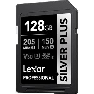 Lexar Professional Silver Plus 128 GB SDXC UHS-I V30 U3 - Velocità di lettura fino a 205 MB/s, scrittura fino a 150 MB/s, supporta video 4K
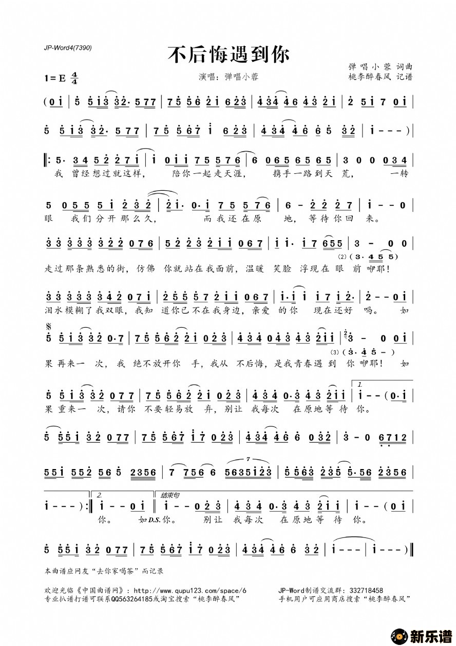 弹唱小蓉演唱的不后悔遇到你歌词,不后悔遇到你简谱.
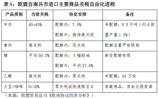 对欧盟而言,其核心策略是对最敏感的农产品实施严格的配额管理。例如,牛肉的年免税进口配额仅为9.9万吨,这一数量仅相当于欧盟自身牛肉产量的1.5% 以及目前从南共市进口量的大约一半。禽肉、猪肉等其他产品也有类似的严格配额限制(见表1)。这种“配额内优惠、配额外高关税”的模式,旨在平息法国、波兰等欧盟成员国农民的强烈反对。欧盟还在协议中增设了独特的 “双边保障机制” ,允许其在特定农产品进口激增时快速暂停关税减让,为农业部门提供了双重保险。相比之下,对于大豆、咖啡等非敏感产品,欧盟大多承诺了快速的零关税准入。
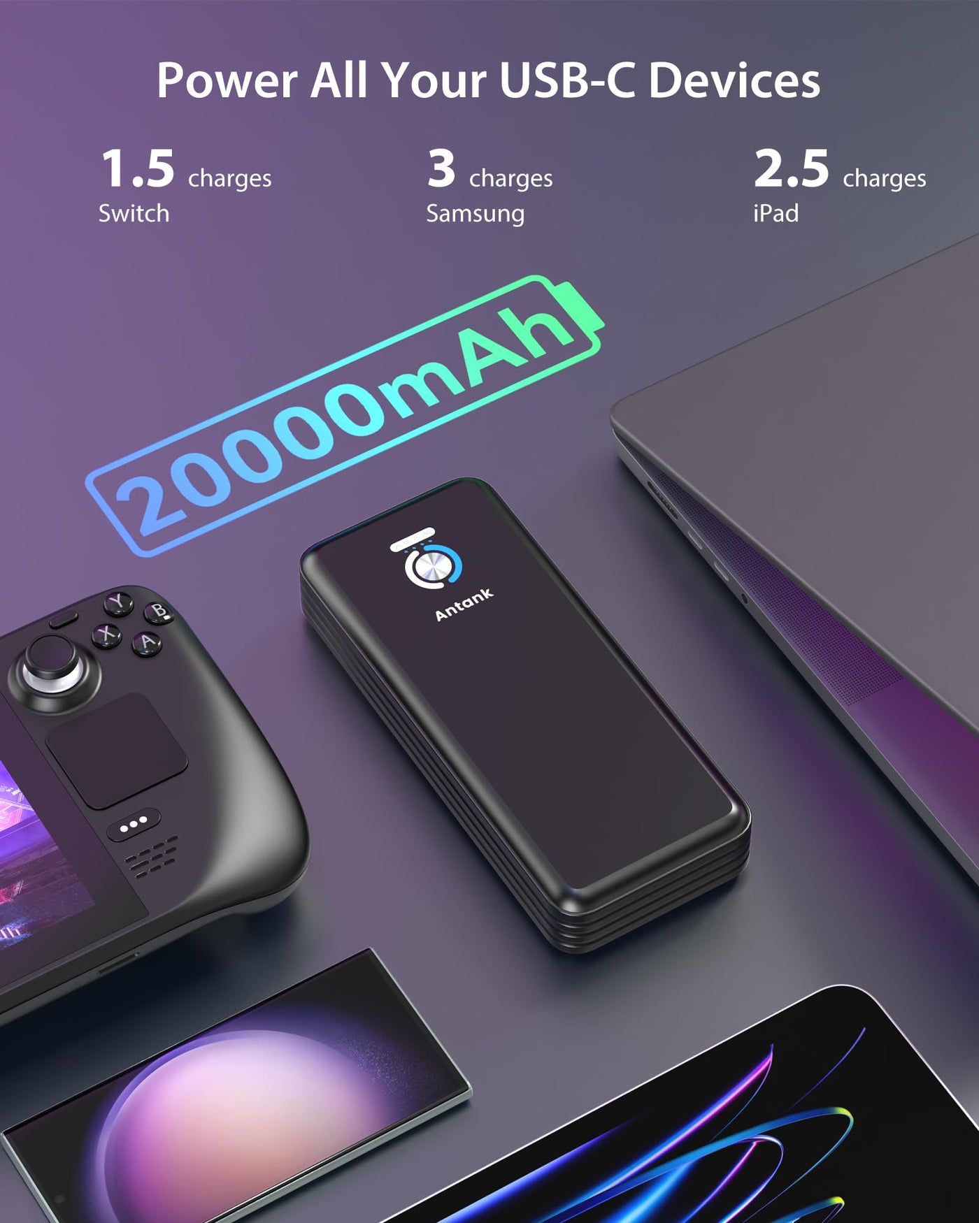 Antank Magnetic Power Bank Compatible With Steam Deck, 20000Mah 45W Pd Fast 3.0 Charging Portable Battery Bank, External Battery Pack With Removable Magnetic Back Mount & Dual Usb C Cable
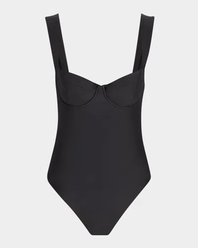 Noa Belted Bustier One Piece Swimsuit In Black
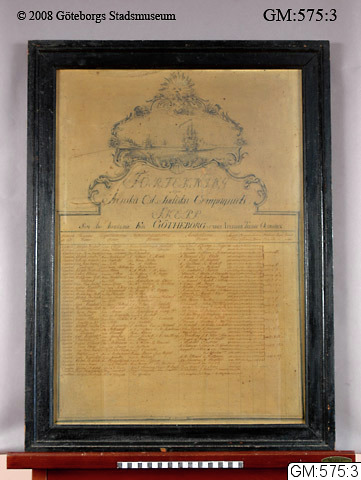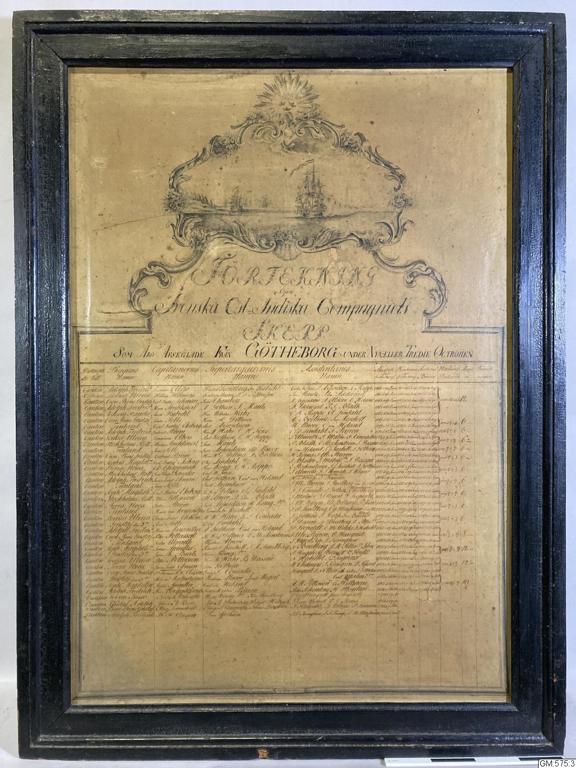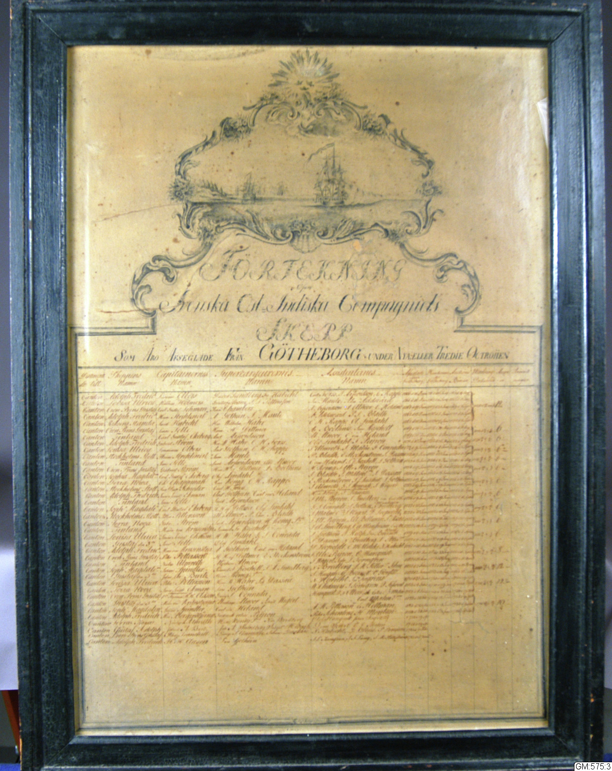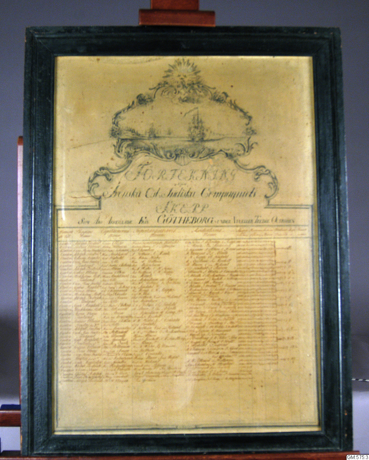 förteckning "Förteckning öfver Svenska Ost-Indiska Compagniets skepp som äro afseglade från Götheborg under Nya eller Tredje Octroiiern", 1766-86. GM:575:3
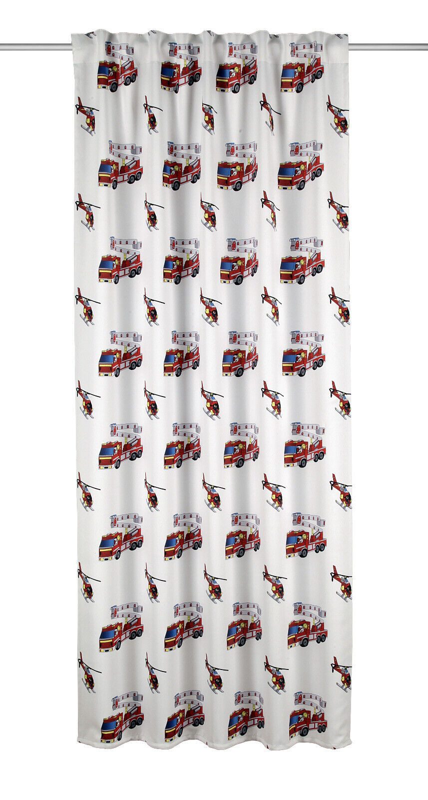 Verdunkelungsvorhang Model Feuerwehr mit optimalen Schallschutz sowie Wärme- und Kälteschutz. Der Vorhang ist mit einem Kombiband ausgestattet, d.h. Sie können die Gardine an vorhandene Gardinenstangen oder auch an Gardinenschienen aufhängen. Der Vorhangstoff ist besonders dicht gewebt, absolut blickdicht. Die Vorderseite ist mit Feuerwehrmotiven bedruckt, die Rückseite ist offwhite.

◆ ◆ ◆ ◆ ◆ ◆ ◆

## Directions for this task
When copying the listing, skip the pictures and keep each line exactly as written.

## Finished task
 Lexar Professional Silver Plus 128 GB SDXC UHS-I V30 U3 - Velocità di lettura fino a 205 MB/s, scrittura fino a 150 MB/s, supporta video 4K
 弹唱小蓉演唱的不后悔遇到你歌词,不后悔遇到你简谱.
 对欧盟而言,其核心策略是对最敏感的农产品实施严格的配额管理。例如,牛肉的年免税进口配额仅为9.9万吨,这一数量仅相当于欧盟自身牛肉产量的1.5% 以及目前从南共市进口量的大约一半。禽肉、猪肉等其他产品也有类似的严格配额限制(见表1)。这种“配额内优惠、配额外高关税”的模式,旨在平息法国、波兰等欧盟成员国农民的强烈反对。欧盟还在协议中增设了独特的 “双边保障机制” ,允许其在特定农产品进口激增时快速暂停关税减让,为农业部门提供了双重保险。相比之下,对于大豆、咖啡等非敏感产品,欧盟大多承诺了快速的零关税准入。
 Antank Magnetic Power Bank Compatible With Steam Deck, 20000Mah 45W Pd Fast 3.0 Charging Portable Battery Bank, External Battery Pack With Removable Magnetic Back Mount & Dual Usb C Cable
 Noa Belted Bustier One Piece Swimsuit In Black
 förteckning "Förteckning öfver Svenska Ost-Indiska Compagniets skepp som äro afseglade från Götheborg under Nya eller Tredje Octroiiern", 1766-86. GM:575:3
 Verdunkelungsvorhang Model Feuerwehr mit optimalen Schallschutz sowie Wärme- und Kälteschutz. Der Vorhang ist mit einem Kombiband ausgestattet, d.h. Sie können die Gardine an vorhandene Gardinenstangen oder auch an Gardinenschienen aufhängen. Der Vorhangstoff ist besonders dicht gewebt, absolut blickdicht. Die Vorderseite ist mit Feuerwehrmotiven bedruckt, die Rückseite ist offwhite.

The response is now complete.